The deal was done back in April but, until the new Sightseeing Tours livery was applied, the vehicle was effectly ‘under wraps’ and news of its arrival was embargoed as far as Busman’s Holiday was concerned!

TR6147 was previously owned by Wheels of Nuneaton but its owner Ashley Wakelin wanted to scale down his operation and put the bus up for sale. It was delivered wearing its Midland Red livery, similar to several other vehicles in the erstwhile Wheels fleet.

TR6147-old-liveryThis photo was taken during the journey up to Exeter for repainting. This was my first attempt at driving the charabanc and it was a baptism of fire, I can tell you! But first we need to do a bit of digging into the history of this rather bizarre vehicle.

TR6147 actually began life with Hants & Dorset as a standard ECW-bodied Bristol LH6L bus, registered NLJ516M, in 1973. This photo of sister bus NLJ517M shows what it would have looked like shortly after delivery. After a comparatively short service life it was taken into the H&D workshops at Barton Park, Eastleigh (near Southampton) and rebuilt with a replica charabanc body, emerging in 1982. Legend has it that several parts from a 1929-built vehicle were incorporated. Certainly the registration number TR6147 was originally carried by a 1929 all-Leyland Lion PLSC3 but this bus is recorded as having been scrapped in 1943. Here is an interesting photo of the charabanc body being built at Eastleigh. All that remains of the Bristol LH is the chassis, including the Leyland O.401 6-cylinder diesel engine and 5-speed manual gearbox. The bus can carry 25 people, accommodated on deeply padded ‘leather’ seats.

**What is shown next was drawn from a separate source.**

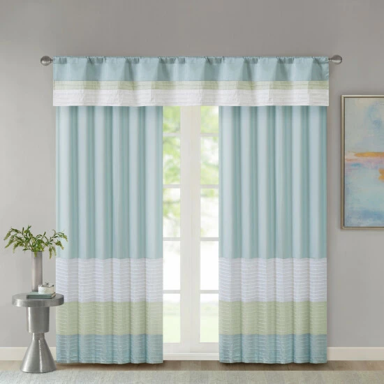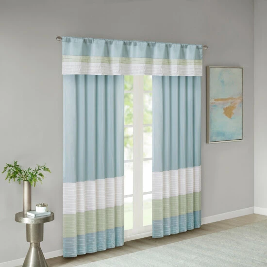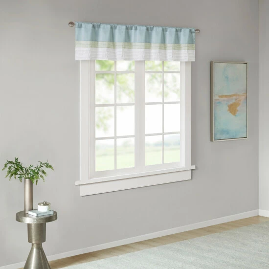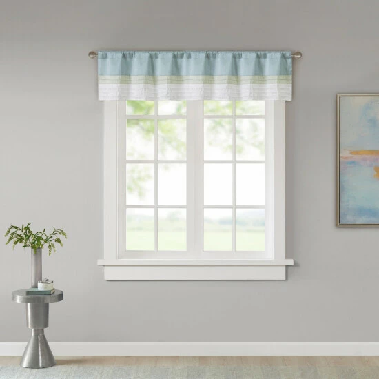 Grace your window with light, airy color with this charming window valance. Simple colors and pin tuck detailing lend elegance and interest to your space, giving your window polish and tying in with your decor.ย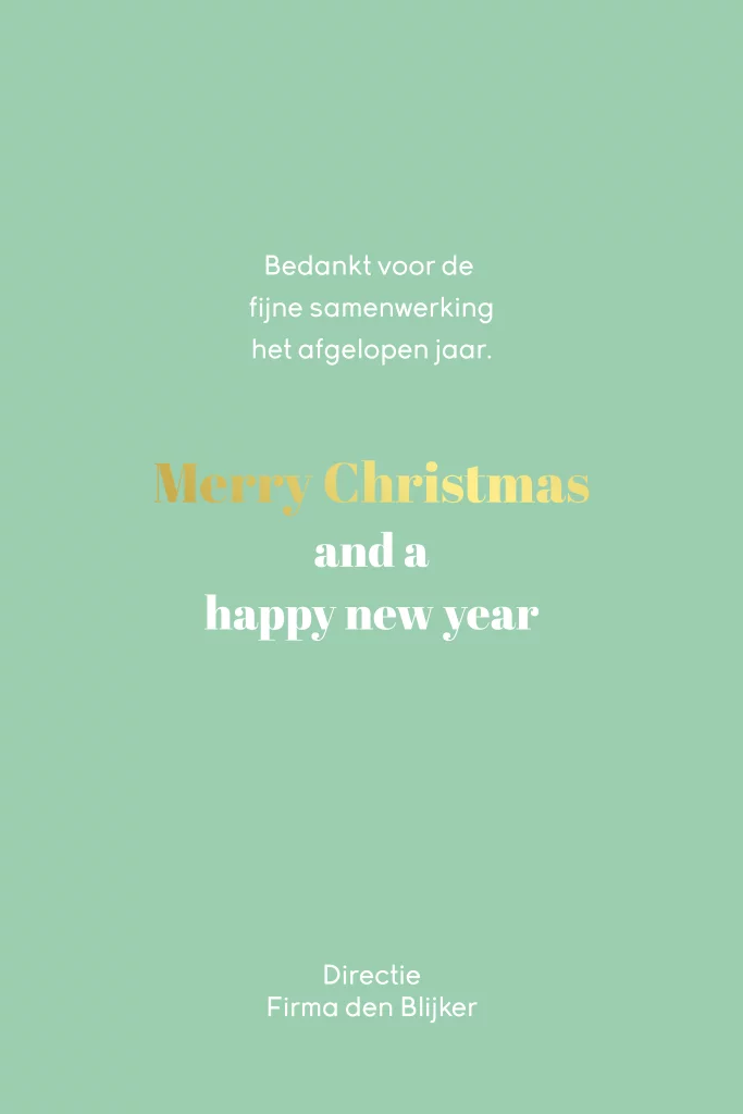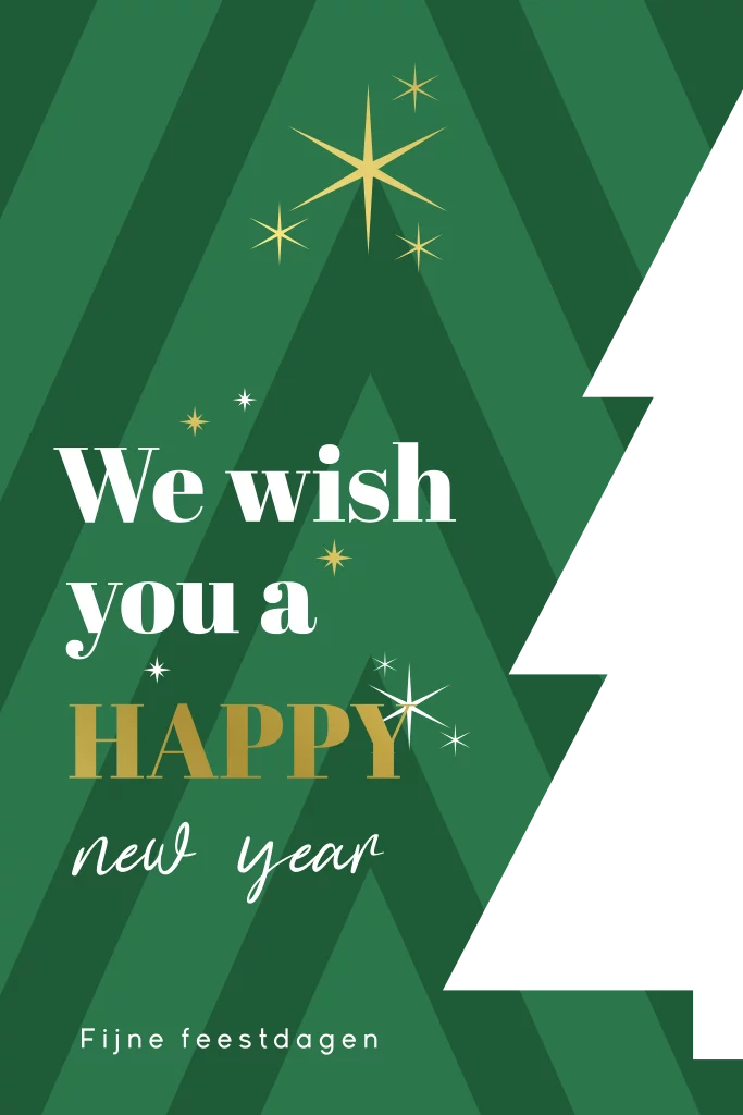 Hippe zakelijke kerstkaart met de tekst ´We wish you a happy new year´. Aan de zijkant van deze kaart zie je een uitsnede van een halve kerstboom. Deze prachtige kerstkaart heeft groene kleuren in een streepjespatroon. De uitsnede van de halve kerstbom geeft een doorkijkje naar de binnenkant van de kaart. Deze kerstkaart is geschikt voor alle branches en is voorzien van goudfolie. Folie zorgt voor een extra luxe uitstraling. Voor elke verkochte kaart doneert Blijkaartje daarom €0,20 aan het Ronald McDonald Huis Zwolle. Hulp nodig met ontwerpen? Neem gerust contact met ons op. Ons team helpt je graag!

The replica charabanc was used by Hants & Dorset at rallies and for private hire and subsequently passed through several owners including Shamrock & Rambler and Arriva before joining Ashley’s well known Midland Red Coaches/Wheels of Nuneaton fleet.

The journey to Exeter didn’t require me to use 1st (crawler) gear, which is just as well because engaging 1st or reverse is something of an art. Fortunately for us, Ashley Wakelin had kindly come down from Nuneaton at his own expense the day after it was delivered to show us around the bus and had demonstrated some of its quirks for us.

The driving position took some getting used to. I’m more familiar with the forward control position found in most half cab buses but in this bus it has been set back behind the front wheels. A huge expanse of bonnet stretches out in front of the driver which makes judging one’s position when in tight spaces a bit tricky. The driver now sits directly above the engine (still in its original position under the LH’s floor) and the experience is noisy! I was curious to see how fast it would go so, while motoring along on the A38 dual carriageway towards Exeter I put my foot down. The tacho showed around 55mph! That’s an undignified speed for a charabanc (it also led to a bout of overheating) so I eased off and completed the rest of the journey at a more reasonable 35mph or so.